During the time since that survey was completed, not much has changed, notes Froschheiser. “I suspect that, based on the work we’re doing with companies, as the economy has bottomed so has morale. It may not be getting worse, but employees are apprehensive and want to make sure their jobs aren’t in jeopardy, which adds to the morale problem.”

The first step in tackling this issue is acknowledging it exists, he adds. Make it clear to your people that you understand the issue and what created it. The next step is motivating the workforce, which inspires confidence and increases productivity. While business leaders can’t control the impact the economy has on their employees’ overall lives, there are steps they can take to boost confidence in their organization and inspire productivity.

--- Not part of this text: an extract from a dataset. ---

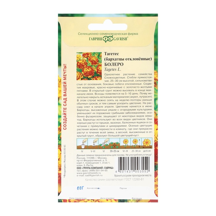 Однолетнее растение семейства Сложноцветные. Стебли прямостоячие, 25-30 см высотой, сильно ветвистые от основания, боковые побеги отклоненные. Соцветия махровые, красно-коричневые с золотисто-желтыми пятнами. В открытый грунт можно высевать в конце мая — начале июня. Всходы появляются на 5-10 день. Почву желательно накрыть нетканым материалом (акрил, лутрасил). В этом случае сеять можно на неделю-полторы раньше обычных сроков и тем самым ускорить цветение. На рассаду сеют в начале апреля. Цветение начнется в июне. Бархатцы, высаженные рядом с огородными культурами уменьшают их поражение грибными заболеваниями, особенно фузариозом, защищают от некоторых видов нематод. Бархатцы используют во всех видах цветников. Они хорошо растут в горшках, вазонах, балконных ящиках, в сочетании с примулами и цинерариями. Осенью цветущие растения можно перенести в комнату, где они прекрасно растут в течение всей зимы, а весной, высаженные в открытый грунт, образуют большой цветущий куст.

Pay Attention to the “Little” Things

In many cases, paying attention to what you might think of as little or mundane things can make a big difference for employees. Froschheiser outlines a few key tactics:

Keep communicating—“If you’re having any issues, don’t keep quiet about them,” he says. “Let employees know exactly where your company stands. It’s when employees don’t know what’s going on that the rumor mill starts. The more they know, the less they’ll have to guess.”
Give recognition—Whenever possible, let employees know how their job performance is affecting the company. When they’re doing the everyday things right, it helps to point that out. “One rule of thumb that’s always worked for me,” says Froschheiser, “is that every time you tell someone something they’re doing wrong, tell them four things they’re doing right.”
Celebrate all successes, even small successes—Anything matters. You might have a deal that closed or even completed a tough inventory. “People just want to know things are going to be O.K.,” he says. “In that case, recognizing every milestone, regardless of size, can become important.”
Help employees understand priorities from a company perspective—In this economic environment, companies are asking people to do more with less. That can create anxiety and even lead to burnout. Froschheiser advises sitting down with your staff and creating “A lists” of critical tasks. If people know what matters most to the success of the organization—and understand that they’re not expected to be perfect at every task, it can reduce pressure. “You don’t want to tell anyone they shouldn’t do the absolute best job every time, he notes, “but you also need to be realistic about what people can achieve.”
Provide balance—It can be difficult for employees to separate from their responsibilities, so business owners and managers need to force the issue. You might tell someone to work at home for a day or enforce an office-wide day off. “People get wired and tired and when that happens, can make mistakes,” states Froschheiser. He advises looking for signs of burnout, like less responsiveness and enthusiasm, reduced participation, lack of engagement and increased infighting. “If you see those things, nip them in the bud by helping employees back off from work, even for a little while. It helps them put things back in perspective and recharge their batteries.”
Be calm in the storm—No matter what, employees need to see that you, as the leader, believe that the decisions you’re making are the right ones and that the company is remaining on the path to profitability. If you project stability, employees will follow your lead and feel less apprehensive.
“Money talks, especially in a hard-hit economy, but a bonus or financial incentive isn’t the only conversation on the table,” Froschheiser states. “Savvy CEOs are generating energy within their companies by being transparent about their successes and failures, and keeping the lines of communication open. They are challenging employees to set higher goals, empowering their hires, glorifying their works, and demonstrating their role in the company’s future. These tactics may seem fundamental, but these basic strategies really do work.”